The first three chapters of the book are organized chronologically so as to describe the Genocide. The first contains a brief historical contextualization of the Armenians, their place in the Ottoman Empire and the rebirth of the Christian minority. International treaties, the emergence of political parties and the massacres carried out by Sultan Abdul Hamid II from 1894 to 1896 are also analyzed. The second chapter deals with the process of systematic annihilation that began with the targeted killing of the Armenian community’s political leaders, intellectuals and business leaders on April 24, 1915. This chapter also analyzes the extermination of Armenians on the front lines of the First World War by their comrades-in-arms in the Ottoman army and the deportation of Armenian civilians to the deserts of Syria and to concentration camps. The book’s third chapter traces the forms of resistance, self-defense and self-preservation employed by the Armenian community during the attempted annihilation. In addition, analyses of the Istanbul Trials that took place after the war and of the Turkish nationalist movement are included. The book then describes the founding of the Republic of Armenia in 1918, the offensives launched by Turkish nationalist forces and the Sovietization of that ephemeral state in 1920. Lastly, the book contains descriptions of the attacks carried out against surviving Armenians in Asia Minor by the Turkish nationalist movement and of the operation to find those responsible for the Genocide.
The book also addresses the politics of denial.
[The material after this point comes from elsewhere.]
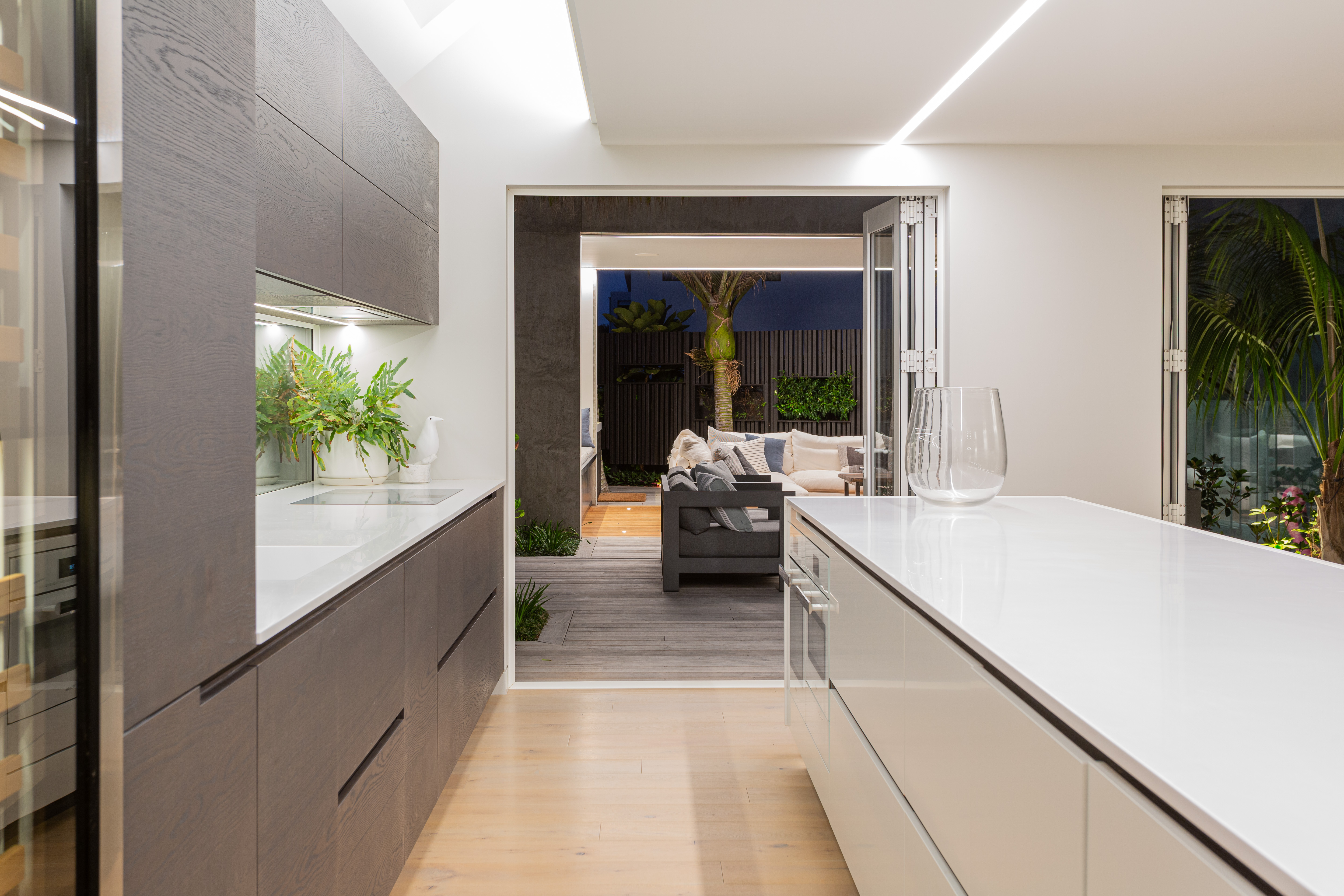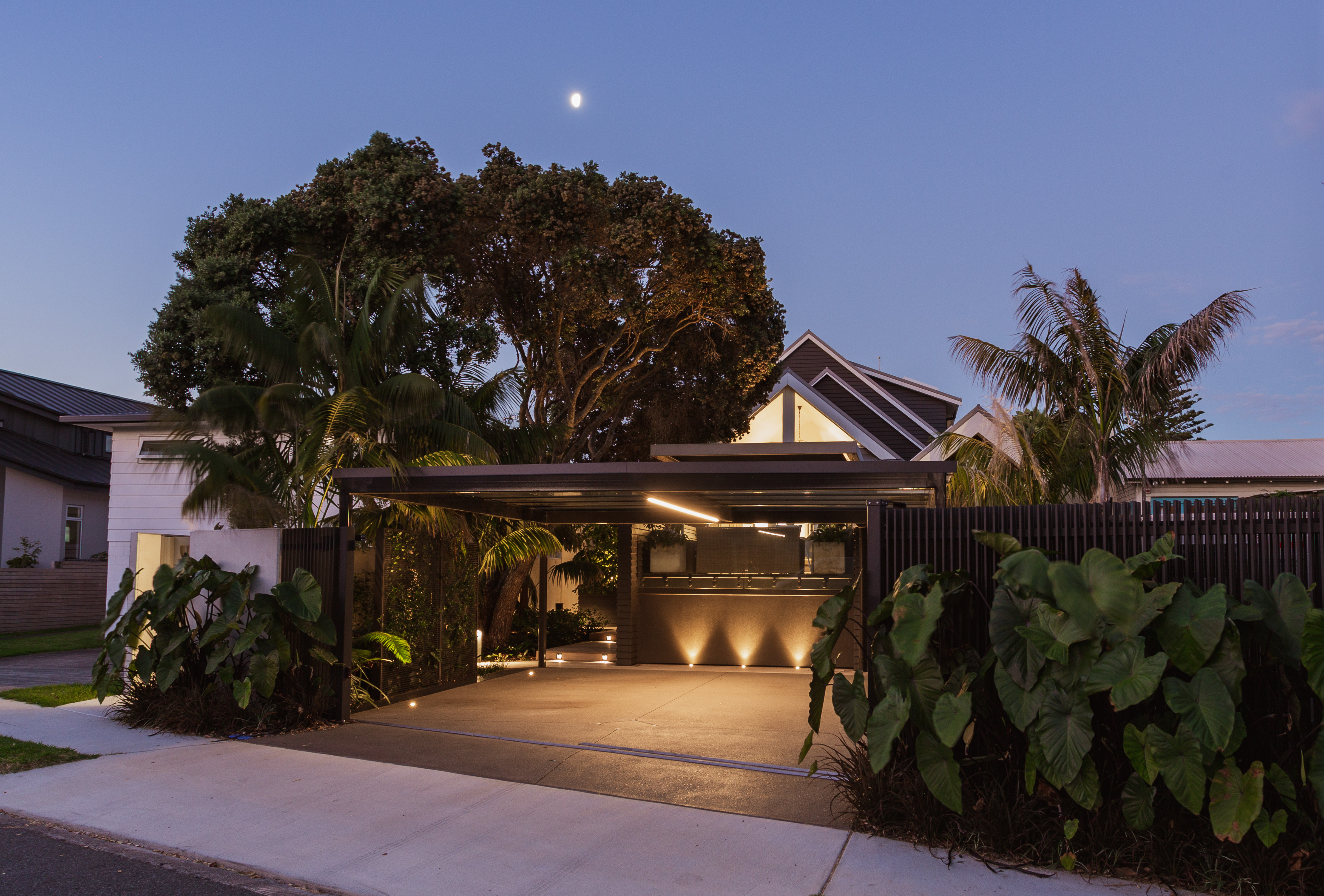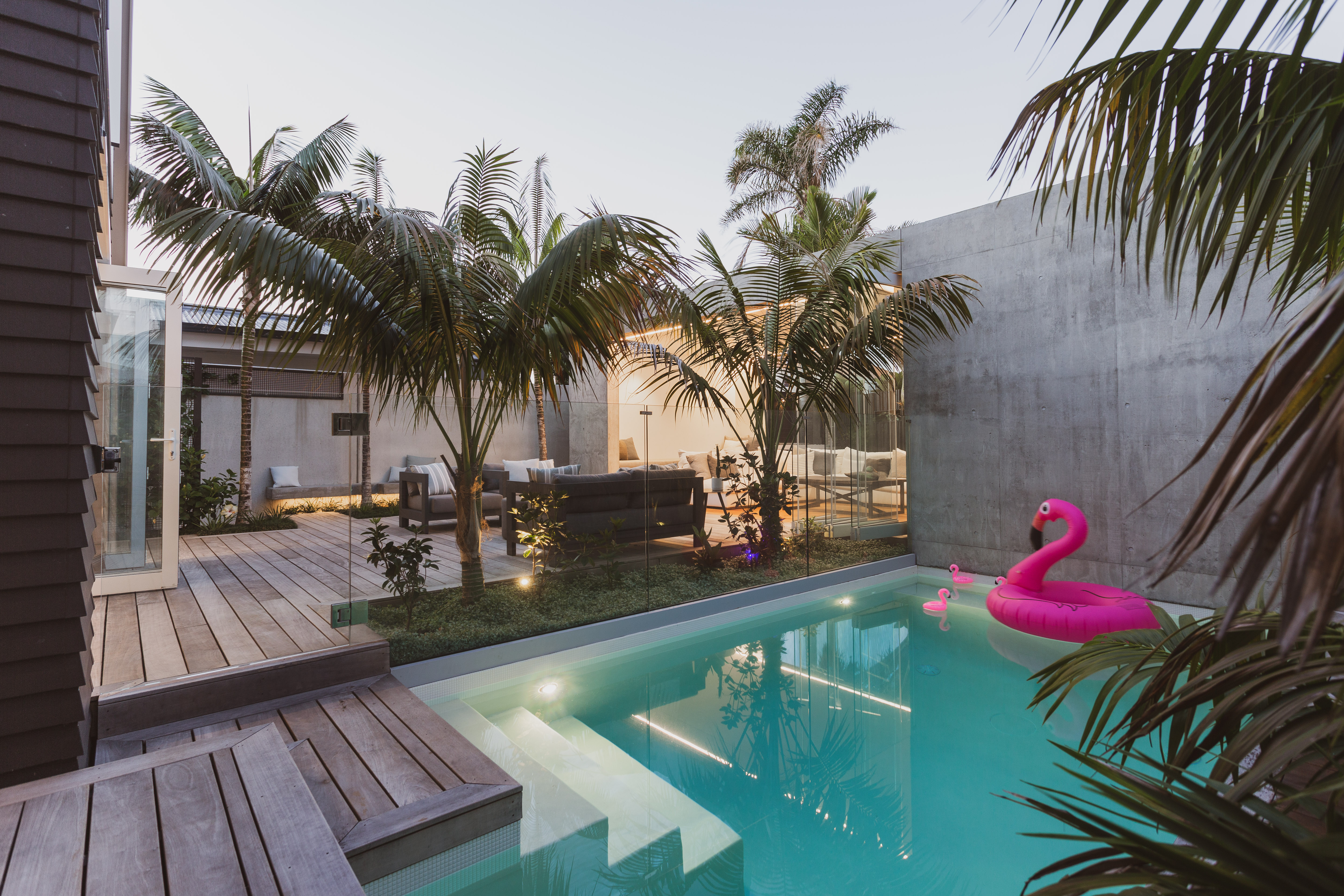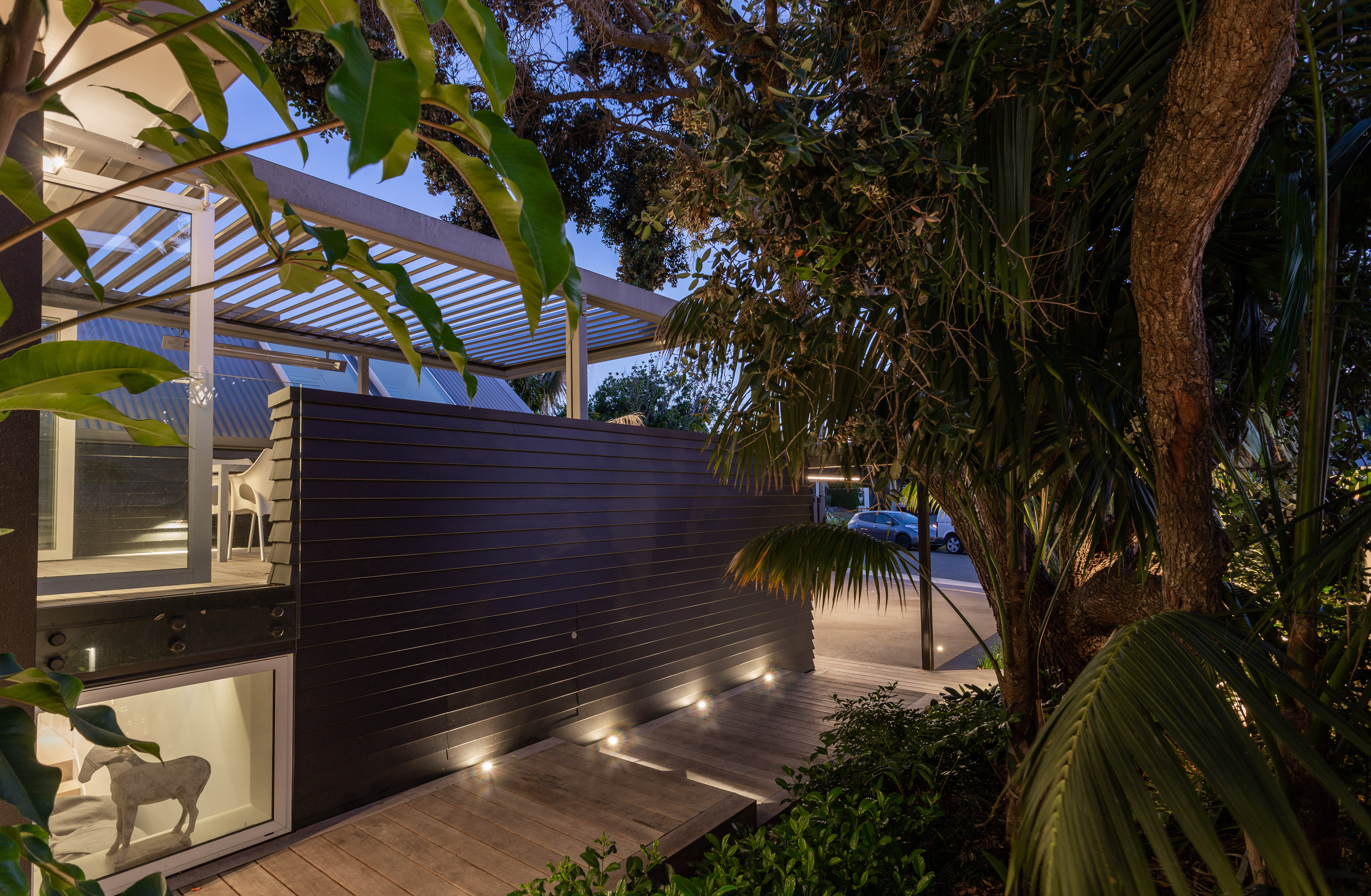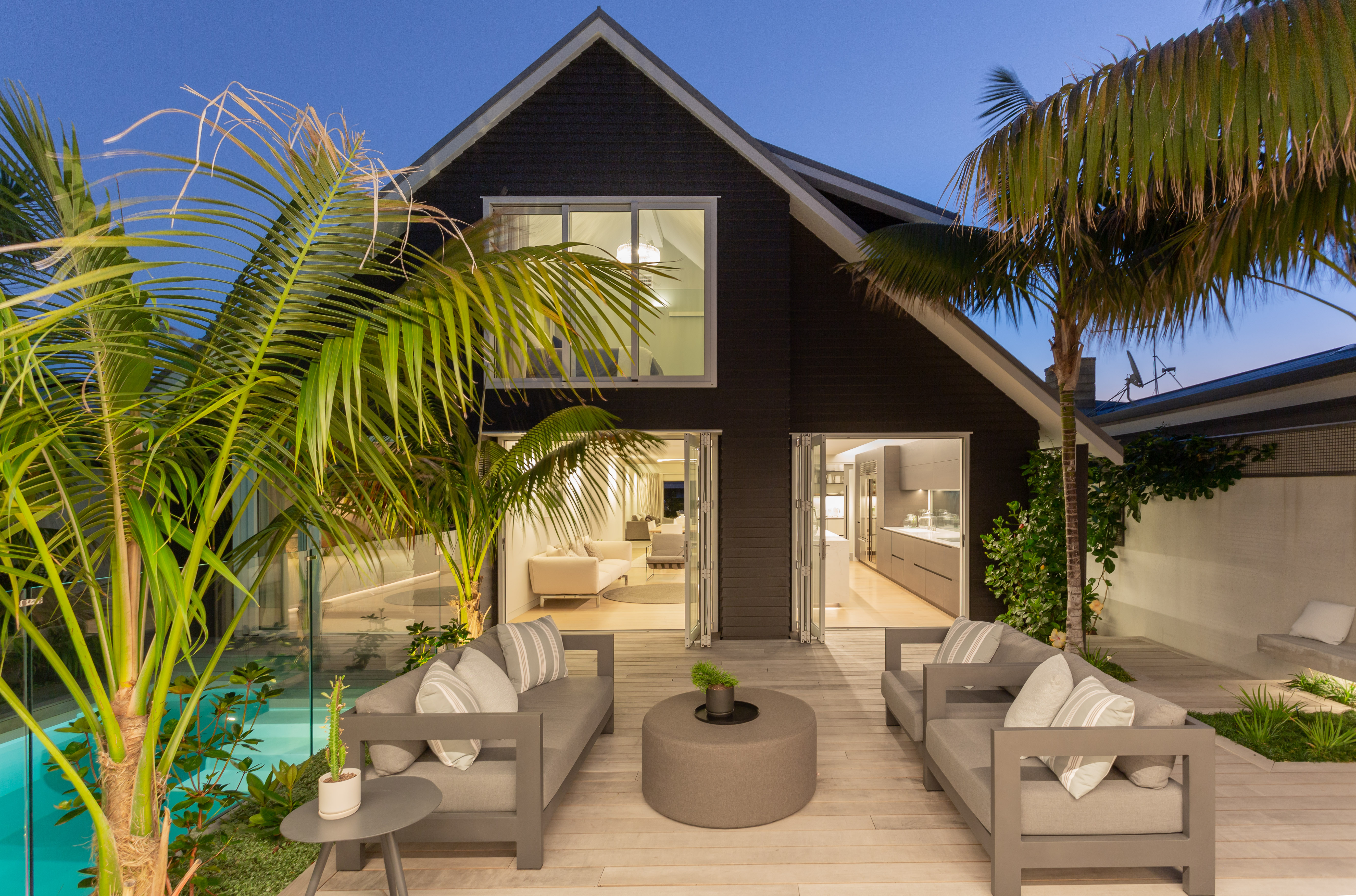 The project to renovate this architect designed four-bedroom house was major, but the results are spectacular. As well as an interior revamp, the outside was clad in striking black Linea weatherboard with white edging and architectural landscaping features were installed. The pool house, separated from the home by a private courtyard and the pool itself, is a major feature of the work. It was constructed with poured concrete and given a ply-grain finish. This magical space has frameless glass bifold doors, decking that flows from inside to out and all the bells and whistles. You’ll also find sophisticated automation, audio, and ducted air conditioning and heating in here and throughout the main house. The kitchen is a statement in style, with a five-metre marble island taking centre stage. Much of the interior lighting is custom designed to provide a minimalist finish, and high-end products are used everywhere: oak flooring, Danish bathroomware, wool carpets, specialty tiles and frameless showers. A glass-roofed carport, tropical landscaping and an automated entrance accentuate the class of the project.

The effects of denialism, its various stages and the alternatives to this discourse are presented as contemporary issues, both for Armenians and in Turkish civil society. Chapter five addresses the question of how the exterminations of 1915 have been represented in the works of painter and survivor Arshile Gorky and in the films of Atom Egoyan and Terry George. The book then examines the effects of the impunity that the perpetrators of the Armenian Genocide enjoyed and its connection to the Holocaust. Perspectives on and opportunities for the potential acknowledgement of the Armenian Genocide are explored in the book’s final chapter.
During the years I spent researching and writing this work, my family, friends and many of my colleagues gave me invaluable help and support. I would like to offer my thanks to my Argentine colleagues and especially to Mariano Ben Plotkin — who read the manuscript and suggested critical contributions to it — and to José Emilio Burucúa, who recommended me to the University of Buenos Aires Press. I was also honored that José Emilio presented my book at the University of Buenos Aires School of Law.
This work was the product of almost two decades of research and reflection on an unpunished crime. In addition to describing the destruction of more than a million human beings during the first years of the twentieth century, this book seeks to ask the reader to reflect, from an ethical standpoint, on issues relating to genocide, memory and the ways in which trauma is represented. I believe that, through education, reflection and dialogue, humanity can begin — in the twenty-first century — to travel along a different and more loving path.